• **Exercise description**:
Without any images, write the listing below out word for word.
═══ Data segment ═══
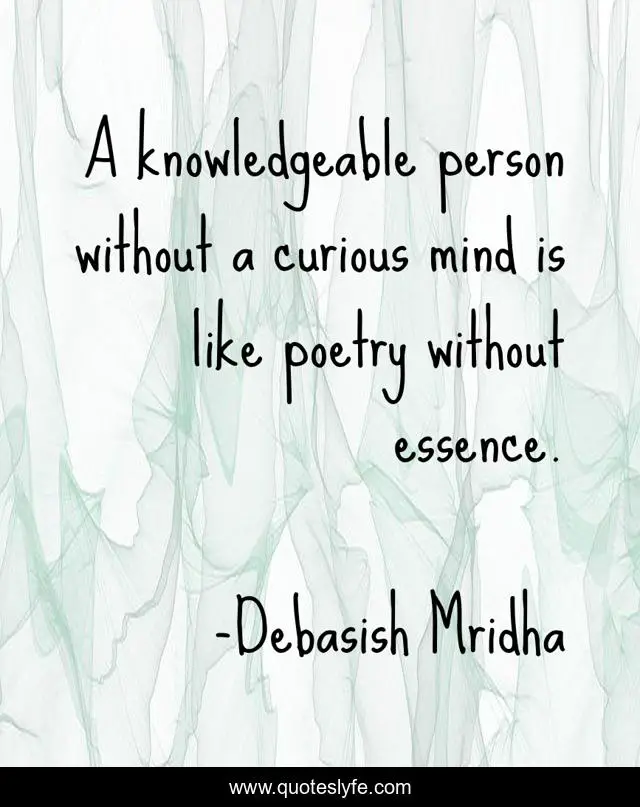This page presents the quote "A knowledgeable person without a curious mind is like poetry without essence.". Author of this quote is Debasish Mridha. This quote is about miraboli, oscar-wilde, philosophy, debasish-mridha, poetry, a-knowledgeable-person, debasish-mridha-md, quotes, gandhi,.
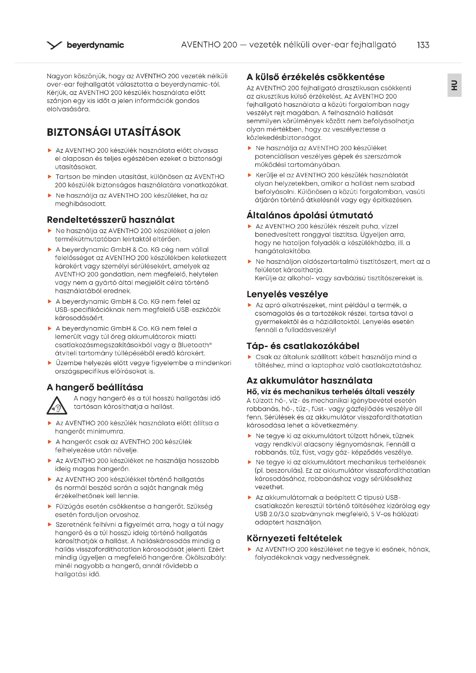 Az AVENTHO 200 készülék használata előtt olvassa el alaposan és teljes egészében ezeket a biztonsági utasításokat. Tason be minden utasítá, különösen az AVENTHO 200 készülék biztonságos használatára vonatkozókat. Ne használja az AVENTHO 200 készüléket, ha az meghibásodott. Rendeltetésszerű használat Ne használja az AVENTHO 200 készüléket a jelen termékútmutatóban leíaktól eltérően. A beyerdynamic GmbH & Co. KG cég nem vállal felelősséget az AVENTHO 200 készülékben keletkezett károké vagy személyi sérüléseké, amelyek az AVENTHO 200 gondatlan, nem megfelelő, helytelen vagy nem a gyáó által megjelölt célra töénő használatából erednek. A beyerdynamic GmbH & Co. KG nem felel az USB-specifikációknak nem megfelelő USB-eszközök károsodásáé. A beyerdynamic GmbH & Co. KG nem felel a lemerült vagy túl öreg akkumulátorok miatti csatlakozásmegszakításokból vagy a Bluetooth® átviteli taomány túllépéséből eredő károké. Üzembe helyezés előtt vegye figyelembe a mindenkori országspecifikus előírásokat is. A hangerő beállítása A nagy hangerő és a túl hosszú hallgatási idő taósan károsíthatja a hallá. Az AVENTHO 200 készülék használata előtt állítsa a hangerőt minimumra. A hangerőt csak az AVENTHO 200 készülék felhelyezése után növelje. Az AVENTHO 200 készüléket ne használja hosszabb ideig magas hangerőn. Az AVENTHO 200 készülékkel töénő hallgatás és normál beszéd során a saját hangnak még érzékelhetőnek kell lennie. Fülzúgás esetén csökkentse a hangerőt. Szükség esetén forduljon orvoshoz. Szeretnénk felhívni a figyelmét arra, hogy a túl nagy hangerő és a túl hosszú ideig töénő hallgatás károsíthatják a hallá. A halláskárosodás mindig a hallás visszafordíthatatlan károsodását jelenti. Ezé mindig ügyeljen a megfelelő hangerőre. Ökölszabály: minél nagyobb a hangerő, annál rövidebb a hallgatási idő. A külső érzékelés csökkentése Az AVENTHO 200 fejhallgató drasztikusan csökkenti az akusztikus külső érzékelé. Az AVENTHO 200 fejhallgató használata a közúti forgalomban nagy veszélyt rejt magában. A felhasználó hallását semmilyen körülmények között nem befolyásolhatja olyan méékben, hogy az veszélyeztesse a közlekedésbiztonságot. Ne használja az AVENTHO 200 készüléket potenciálisan veszélyes gépek és szerszámok működési taományában. Kerülje el az AVENTHO 200 készülék használatát olyan helyzetekben, amikor a hallá nem szabad befolyásolni. Különösen a közúti forgalomban, vasúti átjárón töénő átkelésnél vagy egy építkezésen. Általános ápolási útmutató Az AVENTHO 200 készülék részeit puha, vízzel benedvesített ronggyal tisztítsa. Ügyeljen arra, hogy ne hatoljon folyadék a készülékházba, ill. a hangátalakítóba. Ne használjon oldószeaalmú tisztítósze, me az a felületet károsíthatja. Kerülje az alkohol- vagy savbázisú tisztítószereket is. Lenyelés veszélye Az apró alkatrészeket, mint például a termék, a csomagolás és a taozékok részei, tasa távol a gyermekektől és a háziállatoktól. Lenyelés esetén fennáll a fulladásveszély! Táp- és csatlakozókábel Csak az általunk szállított kábelt használja mind a töltéshez, mind a laptophoz való csatlakoztatáshoz. Az akkumulátor használata Hő, víz és mechanikus terhelés általi veszély A túlzott hő-, víz- és mechanikai igénybevétel esetén robbanás, hő-, tűz-, fü- vagy gázfejlődés veszélye áll fenn. Sérülések és az akkumulátor visszafordíthatatlan károsodása lehet a következmény. Ne tegye ki az akkumuláto túlzott hőnek, tűznek vagy rendkívül alacsony légnyomásnak. Fennáll a robbanás, tűz, fü, vagy gáz- képződés veszélye. Ne tegye ki az akkumuláto mechanikus terhelésnek (pl. beszorulás). Ez az akkumulátor visszafordíthatatlan károsodásához, robbanáshoz vagy sérülésekhez vezethet. Az akkumulátornak a beépített C típusú USB- csatlakozón keresztül töénő töltéséhez kizárólag egy USB 2.0/3.0 szabványnak megfelelő, 5 V-os hálózati adapte használjon. Környezeti feltételek Az AVENTHO 200 készüléket ne tegye ki esőnek, hónak, folyadékoknak vagy nedvességnek.134
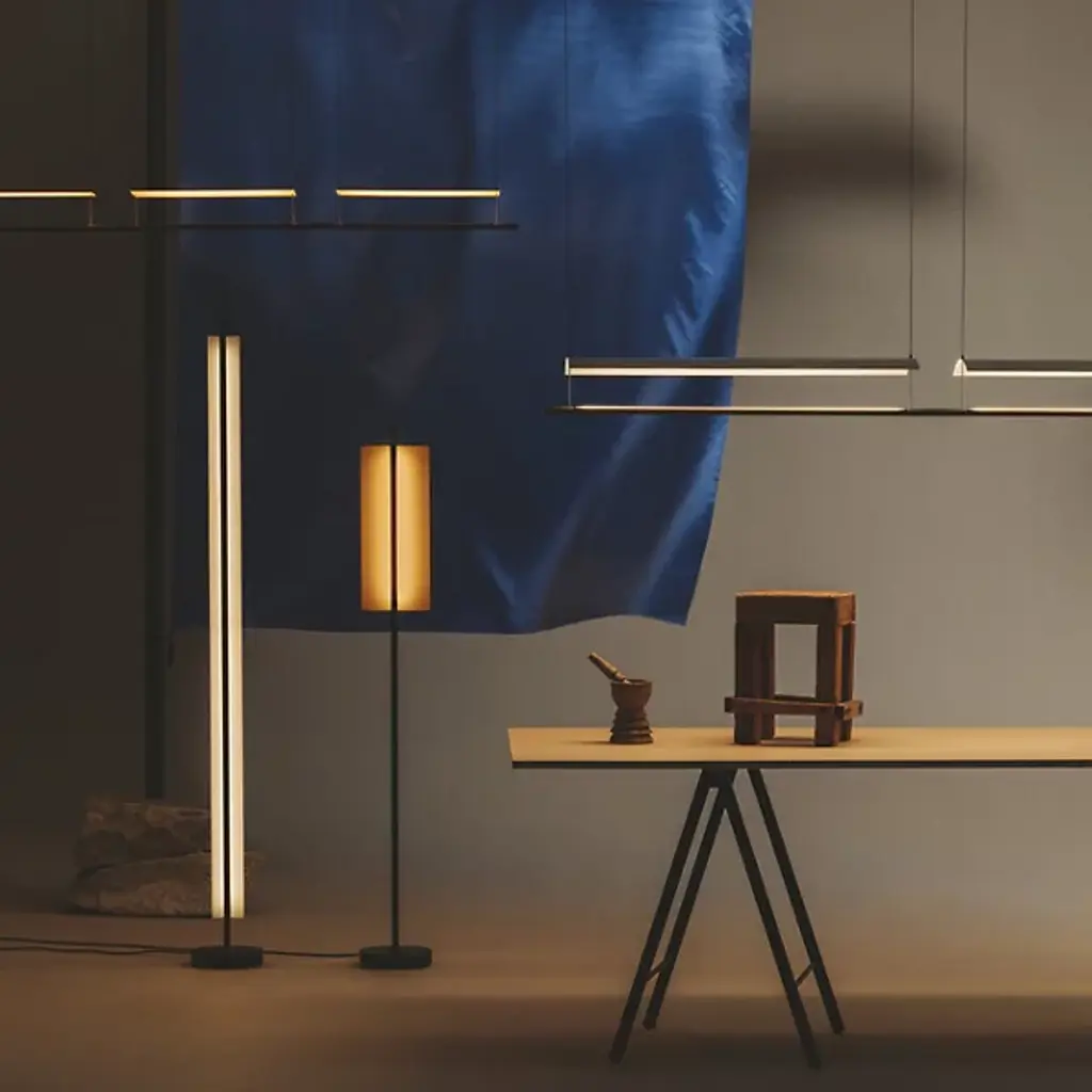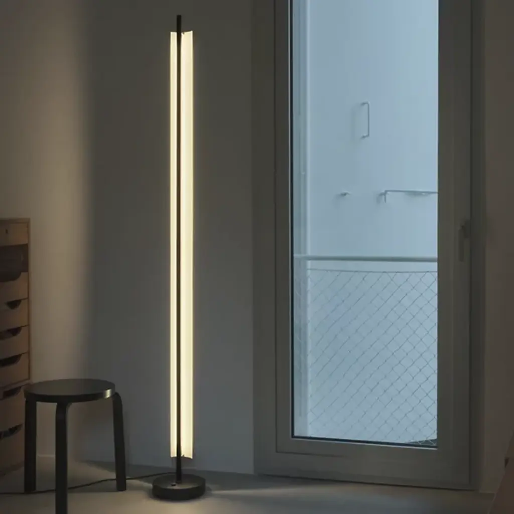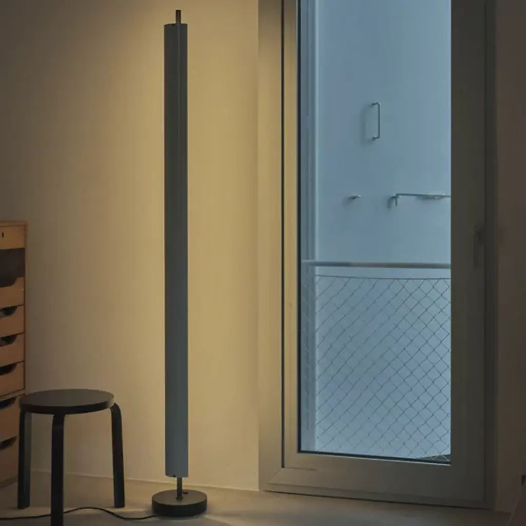 The Lamina 165 LED Floor Lamp from Santa & Cole combines thoughtful design with ambient functionality. Designed by Antoni Arola and made in Spain, this floor lamp features a tall, softly glowing rectangular polycarbonate shade that floats above a minimal, anodized aluminum frame. Its slender central stem supports the structure with subtle grace, while energy-efficient LED lamping at 37W (1484 Lumens) casts a warm wash of light. A base-mounted button dimmer and on/off switch offer convenient control, allowing you to fine-tune the atmosphere with ease.
═══
• **Finished exercise**:
This page presents the quote "A knowledgeable person without a curious mind is like poetry without essence.". Author of this quote is Debasish Mridha. This quote is about miraboli, oscar-wilde, philosophy, debasish-mridha, poetry, a-knowledgeable-person, debasish-mridha-md, quotes, gandhi,.
 Az AVENTHO 200 készülék használata előtt olvassa el alaposan és teljes egészében ezeket a biztonsági utasításokat. Tason be minden utasítá, különösen az AVENTHO 200 készülék biztonságos használatára vonatkozókat. Ne használja az AVENTHO 200 készüléket, ha az meghibásodott. Rendeltetésszerű használat Ne használja az AVENTHO 200 készüléket a jelen termékútmutatóban leíaktól eltérően. A beyerdynamic GmbH & Co. KG cég nem vállal felelősséget az AVENTHO 200 készülékben keletkezett károké vagy személyi sérüléseké, amelyek az AVENTHO 200 gondatlan, nem megfelelő, helytelen vagy nem a gyáó által megjelölt célra töénő használatából erednek. A beyerdynamic GmbH & Co. KG nem felel az USB-specifikációknak nem megfelelő USB-eszközök károsodásáé. A beyerdynamic GmbH & Co. KG nem felel a lemerült vagy túl öreg akkumulátorok miatti csatlakozásmegszakításokból vagy a Bluetooth® átviteli taomány túllépéséből eredő károké. Üzembe helyezés előtt vegye figyelembe a mindenkori országspecifikus előírásokat is. A hangerő beállítása A nagy hangerő és a túl hosszú hallgatási idő taósan károsíthatja a hallá. Az AVENTHO 200 készülék használata előtt állítsa a hangerőt minimumra. A hangerőt csak az AVENTHO 200 készülék felhelyezése után növelje. Az AVENTHO 200 készüléket ne használja hosszabb ideig magas hangerőn. Az AVENTHO 200 készülékkel töénő hallgatás és normál beszéd során a saját hangnak még érzékelhetőnek kell lennie. Fülzúgás esetén csökkentse a hangerőt. Szükség esetén forduljon orvoshoz. Szeretnénk felhívni a figyelmét arra, hogy a túl nagy hangerő és a túl hosszú ideig töénő hallgatás károsíthatják a hallá. A halláskárosodás mindig a hallás visszafordíthatatlan károsodását jelenti. Ezé mindig ügyeljen a megfelelő hangerőre. Ökölszabály: minél nagyobb a hangerő, annál rövidebb a hallgatási idő. A külső érzékelés csökkentése Az AVENTHO 200 fejhallgató drasztikusan csökkenti az akusztikus külső érzékelé. Az AVENTHO 200 fejhallgató használata a közúti forgalomban nagy veszélyt rejt magában. A felhasználó hallását semmilyen körülmények között nem befolyásolhatja olyan méékben, hogy az veszélyeztesse a közlekedésbiztonságot. Ne használja az AVENTHO 200 készüléket potenciálisan veszélyes gépek és szerszámok működési taományában. Kerülje el az AVENTHO 200 készülék használatát olyan helyzetekben, amikor a hallá nem szabad befolyásolni. Különösen a közúti forgalomban, vasúti átjárón töénő átkelésnél vagy egy építkezésen. Általános ápolási útmutató Az AVENTHO 200 készülék részeit puha, vízzel benedvesített ronggyal tisztítsa. Ügyeljen arra, hogy ne hatoljon folyadék a készülékházba, ill. a hangátalakítóba. Ne használjon oldószeaalmú tisztítósze, me az a felületet károsíthatja. Kerülje az alkohol- vagy savbázisú tisztítószereket is. Lenyelés veszélye Az apró alkatrészeket, mint például a termék, a csomagolás és a taozékok részei, tasa távol a gyermekektől és a háziállatoktól. Lenyelés esetén fennáll a fulladásveszély! Táp- és csatlakozókábel Csak az általunk szállított kábelt használja mind a töltéshez, mind a laptophoz való csatlakoztatáshoz. Az akkumulátor használata Hő, víz és mechanikus terhelés általi veszély A túlzott hő-, víz- és mechanikai igénybevétel esetén robbanás, hő-, tűz-, fü- vagy gázfejlődés veszélye áll fenn. Sérülések és az akkumulátor visszafordíthatatlan károsodása lehet a következmény. Ne tegye ki az akkumuláto túlzott hőnek, tűznek vagy rendkívül alacsony légnyomásnak. Fennáll a robbanás, tűz, fü, vagy gáz- képződés veszélye. Ne tegye ki az akkumuláto mechanikus terhelésnek (pl. beszorulás). Ez az akkumulátor visszafordíthatatlan károsodásához, robbanáshoz vagy sérülésekhez vezethet. Az akkumulátornak a beépített C típusú USB- csatlakozón keresztül töénő töltéséhez kizárólag egy USB 2.0/3.0 szabványnak megfelelő, 5 V-os hálózati adapte használjon. Környezeti feltételek Az AVENTHO 200 készüléket ne tegye ki esőnek, hónak, folyadékoknak vagy nedvességnek.134
 The Lamina 165 LED Floor Lamp from Santa & Cole combines thoughtful design with ambient functionality. Designed by Antoni Arola and made in Spain, this floor lamp features a tall, softly glowing rectangular polycarbonate shade that floats above a minimal, anodized aluminum frame. Its slender central stem supports the structure with subtle grace, while energy-efficient LED lamping at 37W (1484 Lumens) casts a warm wash of light. A base-mounted button dimmer and on/off switch offer convenient control, allowing you to fine-tune the atmosphere with ease.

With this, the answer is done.